はじめに
Rのデータフレームの計算に用いられる関数について、サンプルデータを用いて具体的に練習してみました。
目次
Rのデータフレームの計算に用いる関数
Rのデータフレームの計算に用いる関数について、サンプルデータを用いて具体的に練習します。
なお、以下については別記事でまとめています。
参考:
https://r4ds.had.co.nz/transform.html
https://github.com/tidyverse/dplyr
https://heavywatal.github.io/rstats/dplyr.html
練習に用いるデータ
Rのサンプルデータiris
とanscombe
を用います。
行番号を表示した方が分かりやすいため、tibble::rowid_to_column()
で行番号を列名にしています。
(こちらの記事と同じデータを用います。)
library(dplyr)
library(tibble)
library(tidyr)
iris
# 行番号を列名に
iris_tbl <- iris %>% as_tibble() %>% rowid_to_column("id")
iris_tbl
# # A tibble: 150 x 6
# id Sepal.Length Sepal.Width Petal.Length Petal.Width Species
# <int> <dbl> <dbl> <dbl> <dbl> <fct>
# 1 1 5.1 3.5 1.4 0.2 setosa
# 2 2 4.9 3 1.4 0.2 setosa
anscombe
anscombe_tbl <- anscombe %>% as_tibble() %>% rowid_to_column("id")
anscombe_tbl
# # A tibble: 11 x 9
# id x1 x2 x3 x4 y1 y2 y3 y4
# <int> <dbl> <dbl> <dbl> <dbl> <dbl> <dbl> <dbl> <dbl>
# 1 1 10 10 10 8 8.04 9.14 7.46 6.58
# 2 2 8 8 8 8 6.95 8.14 6.77 5.76
主にmutate()やfilter()を補助するもの
row_number(), min_rank(), dense_rank(), percent_rank(), cume_dist(), ntile():順位計算
順位(昇順の順位)を計算する関数です。

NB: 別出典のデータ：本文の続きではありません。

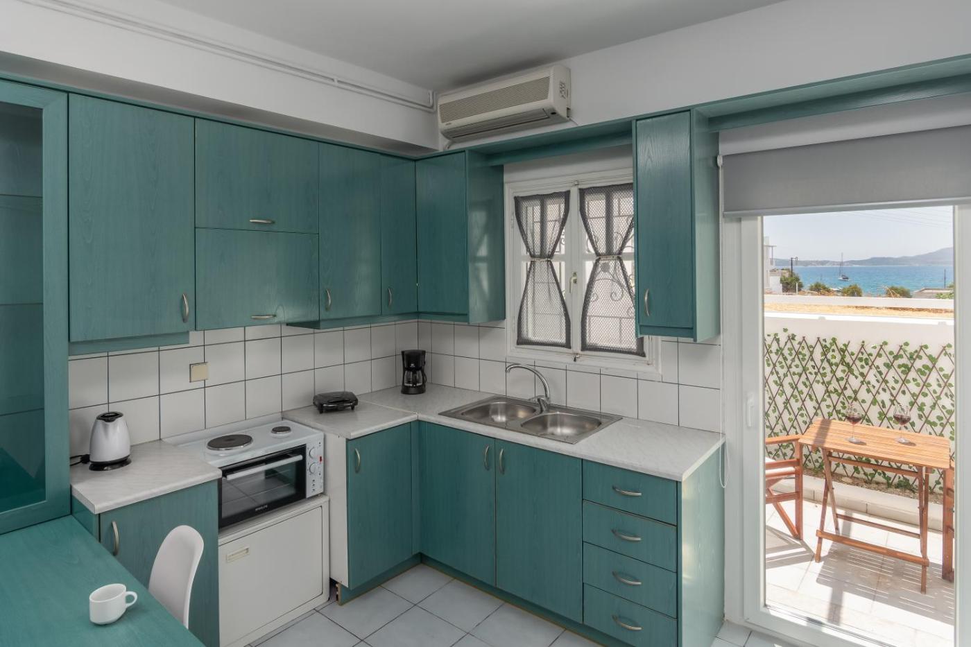 One-Bedroom Apartment. Featuring a private entrance, this air-conditioned apartment is comprised of a kitchen, 1 bedroom and 1 bathroom with a shower and a hairdryer. Guests can make meals in the kitchen that comes with a stovetop, a refrigerator, kitchenware and an oven. Boasting a terrace with sea views, this apartment also offers soundproof walls and a flat-screen TV. The unit offers 1 bed.
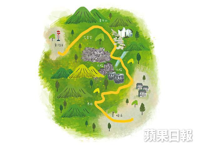 除了漁護署所興建的山徑,很多行山友也愛在小徑捐窿捐罅,Teddy三年前也在水牛山以南,無意中發現有條隱蔽的路,細心探索原來是一條古道,他如獲至寶,沿着前人鋪下的石路,在密林裏尋幽探秘,十分過癮,但留意部份路段樹木較茂密,需跟隨經驗行山者。他發現荒廢已久的大腦古村,其歷史已不可考,只知村內的曾氏宗祠於1985年重建,祠內放了生果,算是為這裏添點生氣。沒多遠便有台古老大石磨,教Teddy大開眼界。這個製作蔗糖的石磨,主要石製結構如滾輪、基座,以及左右兩方的石柱仍大致保存完好,十分難得,他更翻閱明朝科學家宋應星的著作《天工開物》得知其運作方法,查看其他歷史書籍,他估計石磨最少有120年歷史,希望前人匠心獨運的精神,被遺忘的鄉村文化讓更多香港人認識,「呢度屬郊野公園範圍外,未受法律規管,但地理限制未能持續發展,這些文化容易消失。」他希望有村民能回來重建村落,能顧及文化保育,有限度發展。理想歸理想,但現實是殘酷,他朝這裏因發展而消失,亦總算有人留下憑證,記錄前人的足迹。
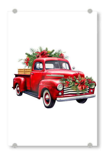 Acrylglasbild "Red Christmas Truck Xmas Decor Art" artboxONE - Floral,Automobile,Weihnachten,Festivals,Lustig
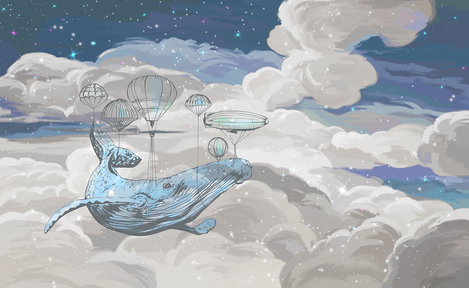 • Çocuk Odası Duvar Kağıdı Gökyüzünde Uçan Balina 3 boyutlu şekilde satın alın!
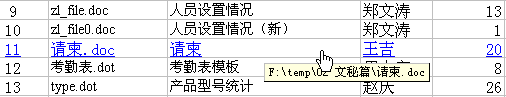 | 文秘篇(潇洒白领) ——文档管理 3)制作文档管理表 在EXCEL环境中,我们可以建立一个工作表,用来管理公司的常用文档。这是按照一定格式输入完成的文档管理表。  文档中包含文件名、内容、编写、文档页数和日期等内容,您还可以根据需要,加入“密级”、“发送单位”、“备注”等项目。下面按一定的顺序列出文档的详细信息,注意,“文档内容”项中应尽量包含文档的关键词,以便于查找。为了方便文件的总体控制和编辑,我们为每个文件做个链接。选中“请柬.doc”单元格,然后单击鼠标右键,选中“超级链接”命令,在弹出的对话框中,单击“文件”按钮,在“查找范围”列表中找到文件所在路径,选中“请柬.doc”文件,单击“确定”按钮,再单击“确定”按钮,退出对话框。  此时文件名变为蓝色,并带有下划线,当鼠标移动到该文件名上时出现小手状光标,单击该文件名,就可以直接启动WORD,打开该文件,进行所需的各项编辑操作,完成编辑后退出文档的编辑环境,就返回到文档管理表中。  下一节(文档管理表的使用) 回到页首  谈谈您的看法 |
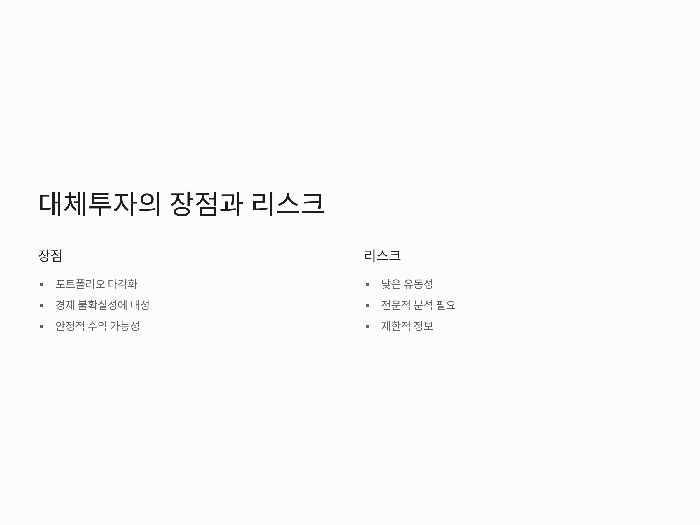 하지만 대체투자는 그만큼 리스크가 크기도 합니다. 특히 유동성이 낮은 자산이 많아 자금을 회수하는 데 시간이 걸릴 수 있으며, 일부 자산군은 고도의 전문적인 분석을 요구합니다. 또한, 대체투자는 전통적인 금융 자산군과 비교해 정보가 제한적일 수 있어, 투자에 대한 정확한 평가가 어려운 경우가 많습니다. 이러한 리스크를 충분히 이해하고 투자 결정을 내려야 합니다.
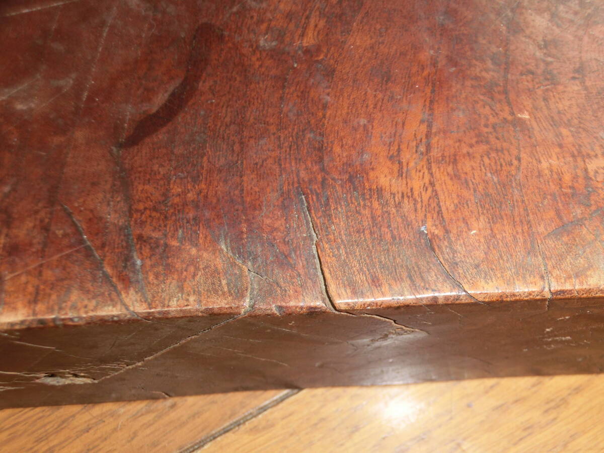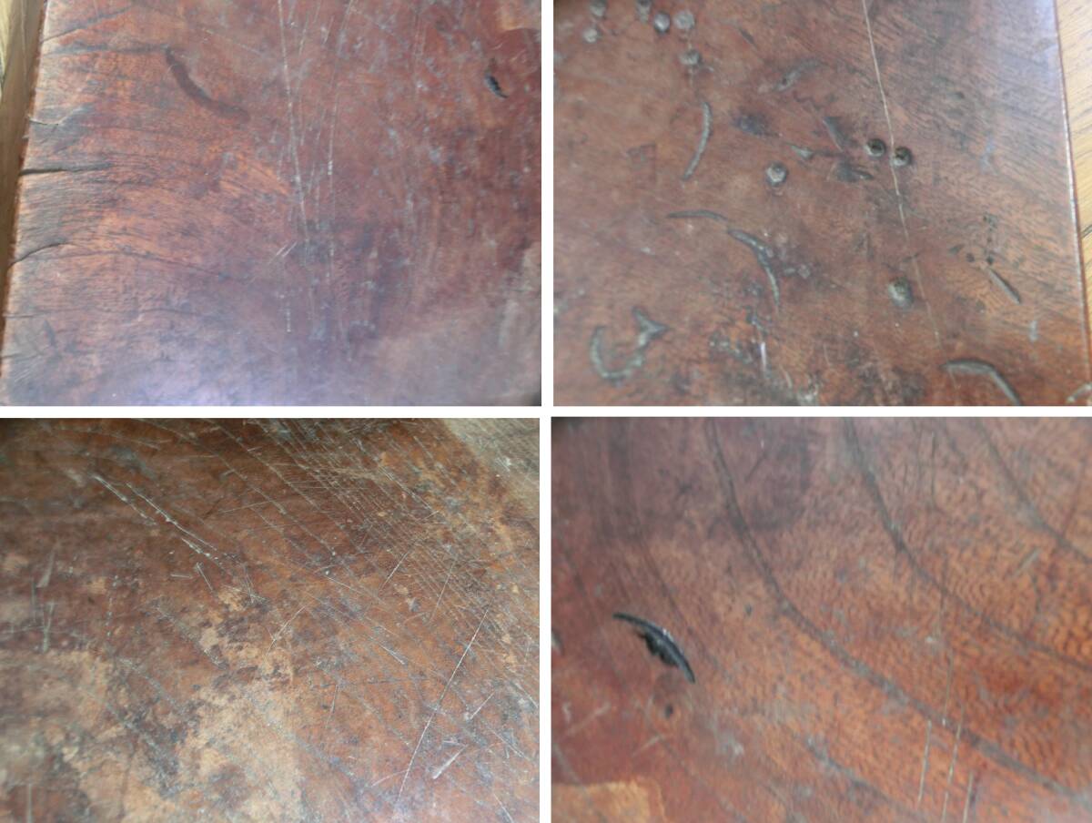 表は経年の使用により煤けて黒ずんでいます。ヒビ、釘跡や裏面に碁盤の目状の格子刻みが有ります。骨董品です多少の擦れ、汚れはご容赦ください。画像にてご確認、ご納得の上で入札をお願いいします。

グループ化しておくと、グループごとの順位になります。
引数なしでrow_number()
とすると、行の通し番号になります。
# row_number()
iris_tbl %>%
mutate(row = row_number())
# A tibble: 150 x 7
# id Sepal.Length Sepal.Width Petal.Length Petal.Width Species row
# <int> <dbl> <dbl> <dbl> <dbl> <fct> <int>
# 1 1 5.1 3.5 1.4 0.2 setosa 1
# 2 2 4.9 3 1.4 0.2 setosa 2
# 3 3 4.7 3.2 1.3 0.2 setosa 3
# 4 4 4.6 3.1 1.5 0.2 setosa 4
# 5 5 5 3.6 1.4 0.2 setosa 5
# 6 6 5.4 3.9 1.7 0.4 setosa 6
# 7 7 4.6 3.4 1.4 0.3 setosa 7
# 8 8 5 3.4 1.5 0.2 setosa 8
# 9 9 4.4 2.9 1.4 0.2 setosa 9
# 10 10 4.9 3.1 1.5 0.1 setosa 10
# # ... with 140 more rows
iris_tbl %>%
group_by(Species) %>%
mutate(row = row_number()) %>%
slice_head(n = 5)
# # A tibble: 15 x 7
# # Groups: Species [3]
# id Sepal.Length Sepal.Width Petal.Length Petal.Width Species row
# <int> <dbl> <dbl> <dbl> <dbl> <fct> <int>
# 1 1 5.1 3.5 1.4 0.2 setosa 1
# 2 2 4.9 3 1.4 0.2 setosa 2
# 3 3 4.7 3.2 1.3 0.2 setosa 3
# 4 4 4.6 3.1 1.5 0.2 setosa 4
# 5 5 5 3.6 1.4 0.2 setosa 5
# 6 51 7 3.2 4.7 1.4 versicolor 1
# 7 52 6.4 3.2 4.5 1.5 versicolor 2
# 8 53 6.9 3.1 4.9 1.5 versicolor 3
# 9 54 5.5 2.3 4 1.3 versicolor 4
# 10 55 6.5 2.8 4.6 1.5 versicolor 5
# 11 101 6.3 3.3 6 2.5 virginica 1
# 12 102 5.8 2.7 5.1 1.9 virginica 2
# 13 103 7.1 3 5.9 2.1 virginica 3
# 14 104 6.3 2.9 5.6 1.8 virginica 4
# 15 105 6.5 3 5.8 2.2 virginica 5
引数を指定すると、row_number()
は、引数の昇順に並び換えたときの行番号(同順位でも別番号)になります。
min_rank()
とdense_rank()
は順位(同順位は同じ番号)で、dense_rank()
は番号が飛ばない順位になります。percent_rank()
は、min_rank()
を0から1の範囲に変換したもの、cume_dist()
は、累積密度です。ntile()
は、引数の順にn個のクラスに分けたときのクラスの番号です。
desc()
関数を使うと、降順の順位が計算できます。
R Documentation の記載から引用:
-
row_number()
: equivalent to rank(ties.method = "first") -
min_rank()
: equivalent to rank(ties.method = "min") -
dense_rank()
: like min_rank(), but with no gaps between ranks -
percent_rank()
: a number between 0 and 1 computed by rescaling min_rank to [0, 1] -
cume_dist()
: a cumulative distribution function. Proportion of all values less than or equal to the current rank. -
ntile()
: a rough rank, which breaks the input vector into n buckets. The size of the buckets may differ by up to one, larger buckets have lower rank.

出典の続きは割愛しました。